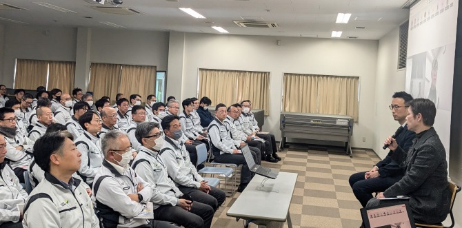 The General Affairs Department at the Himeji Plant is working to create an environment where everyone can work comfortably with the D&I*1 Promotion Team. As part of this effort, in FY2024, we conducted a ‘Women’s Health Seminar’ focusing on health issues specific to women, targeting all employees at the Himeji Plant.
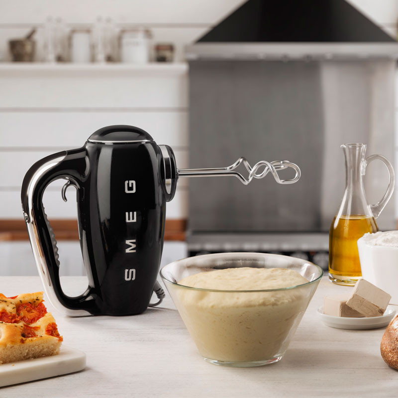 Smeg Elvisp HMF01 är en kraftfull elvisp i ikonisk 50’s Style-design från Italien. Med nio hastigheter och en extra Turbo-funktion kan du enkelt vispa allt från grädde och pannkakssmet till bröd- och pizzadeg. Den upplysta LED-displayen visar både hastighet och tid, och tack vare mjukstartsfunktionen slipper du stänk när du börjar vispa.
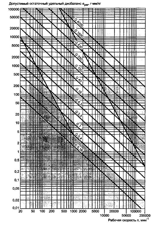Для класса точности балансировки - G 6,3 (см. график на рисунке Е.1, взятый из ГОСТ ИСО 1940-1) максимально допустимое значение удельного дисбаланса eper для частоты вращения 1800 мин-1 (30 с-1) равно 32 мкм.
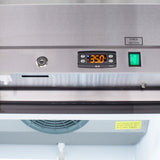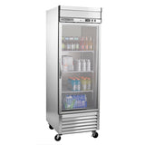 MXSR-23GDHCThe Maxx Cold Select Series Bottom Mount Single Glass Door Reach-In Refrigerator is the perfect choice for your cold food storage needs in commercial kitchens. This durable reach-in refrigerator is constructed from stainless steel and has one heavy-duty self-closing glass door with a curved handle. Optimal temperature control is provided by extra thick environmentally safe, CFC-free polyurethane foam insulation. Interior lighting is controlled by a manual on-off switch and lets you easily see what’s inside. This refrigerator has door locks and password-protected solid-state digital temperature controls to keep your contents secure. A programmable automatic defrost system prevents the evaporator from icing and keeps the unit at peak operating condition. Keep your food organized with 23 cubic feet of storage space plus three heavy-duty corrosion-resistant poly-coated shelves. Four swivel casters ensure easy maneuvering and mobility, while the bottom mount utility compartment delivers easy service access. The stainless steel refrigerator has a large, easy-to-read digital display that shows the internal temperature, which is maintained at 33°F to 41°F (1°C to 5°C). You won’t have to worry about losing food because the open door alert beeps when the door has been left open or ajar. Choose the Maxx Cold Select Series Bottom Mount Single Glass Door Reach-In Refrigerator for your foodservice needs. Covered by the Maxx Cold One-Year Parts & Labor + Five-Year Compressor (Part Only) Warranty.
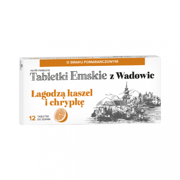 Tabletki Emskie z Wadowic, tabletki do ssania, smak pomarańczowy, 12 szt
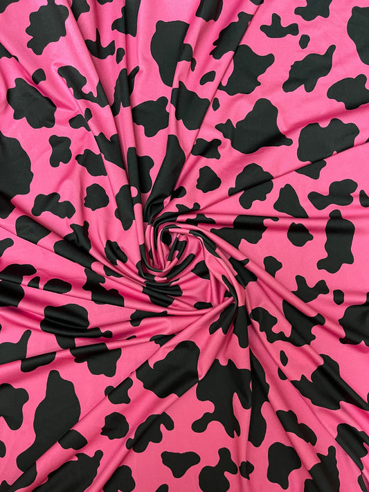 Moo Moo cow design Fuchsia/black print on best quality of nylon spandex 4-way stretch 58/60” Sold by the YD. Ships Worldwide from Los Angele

-- Aim of the task --
I would like the lines from the one with "Tabletki Emskie z" through the last line of the data above retyped exactly, with pictures left out, please.

-- Solution below --
 Tabletki Emskie z Wadowic, tabletki do ssania, smak pomarańczowy, 12 szt
 Moo Moo cow design Fuchsia/black print on best quality of nylon spandex 4-way stretch 58/60” Sold by the YD. Ships Worldwide from Los Angele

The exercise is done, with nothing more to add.